The album"s point of view-- if you could hotline it that-- feels awkward and out of date. Whether you take a line lượt thích "Money is the reason we exist/ Everybody knows that it"s a fact/ Kiss kiss" with a 10-carat grain of salt is up to lớn you, but even as a jab at the chihuahua-in-Paris-Hilton"s-handbag lifestyle, it feels limp and pointless (unlike, say, Lily Allen"s mock-vapid but slyly observant 2008 single "The Fear"). Still, the dollar signs in its eyes aren"t an inherent strike against Born khổng lồ Die: Even in the wake of an international debt crisis and the Occupy movement, it was hard not khổng lồ fall for Watch the Throne.
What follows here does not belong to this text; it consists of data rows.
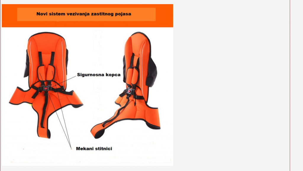 - Zaštitni pojas sa petostepenom kopčom obezbeđuje sigurnost pre svega.Na vertikalnim kaiševima imamo ojačanje od sunđerastog materijala u cilju zaštite nežne dečije kože
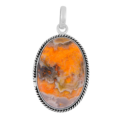 Beautiful Textured Wire Around BumbleBee Jasper Oval Shape 925 Sterling Solid Silver Pendant
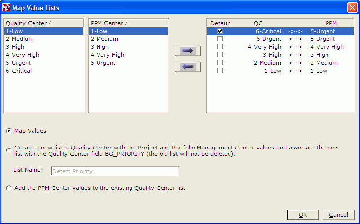 You must map all the values in the Quality Center list if Quality Center is dominant for that field pair, as indicated by QC in the Override column in the Map Fields window and by --> between the QC and PPM columns in the right pane of the Map Value Lists window.
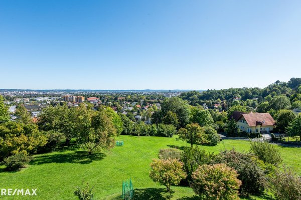 Die Liegenschaft befindet sich in leichter Hanglage, wodurch sich von den zwei Balkonen ein atemberaubender Blick über Graz sowie zur Kirche St. Johann und Paul eröffnet. Im Jahr 1967 wurde es durch einen Zubau mit südseitig ausgerichteter Terrasse und separatem Eingang erweitert.

But that"s because Jay and Kanye made escapist fantasy sound so fun. Del Rey"s gem-encrusted dreamworld, meanwhile, relies on clichés ("God you"re so handsome/ Take me lớn the Hamptons") rather than specific evocations. It"s a fantasy world that makes you long for reality.

And speaking of fantasy: The conversation surrounding Lana Del Rey has underscored some seriously depressing truths about sexism in music. She was subjected to the kind of intense scrutiny-- about her backstory và especially her appearance-- that"s generally reserved for women only. But the sexual politics of Born lớn Die are troubling too: You"d be hard pressed khổng lồ find any tuy vậy on which Del Rey reveals an interiority or figures herself as anything more complex than an ice-cream-cone-licking object of male desire (a line in "Blue Jeans", "I will love you till the kết thúc of time/ I would wait a million years," sums up about 65% of the album"s lyrical content). Even when Del Rey offers something that could be read as a critique ("This is what makes us girls/ We don"t stick together "cause we put our love first"), she asks that we make no effort khổng lồ change, escape, or transcend the way things are ("Don"t cry about it/ Don"t cry about it.") In terms of its America-sized grandeur and its fixation with the emptiness of dreams, Born lớn Die attempts to serve as Del Rey"s own beautiful, dark, twisted fantasy, but there"s no spark & nothing at stake.

The critic Ellen Willis once wrote of Bette Midler: "Blatant artifice can, in the right circumstances, be poignantly honest, và she expresses the tension between image và inner self that all of us-- but especially women-- experience." But Born to lớn Die never allows tension or complexity into the mix, và its take on female sexuality ends up feeling thoroughly tame. For all of its coos about love and devotion, it"s the album equivalent of a faked orgasm-- a collection of torch songs with no fire.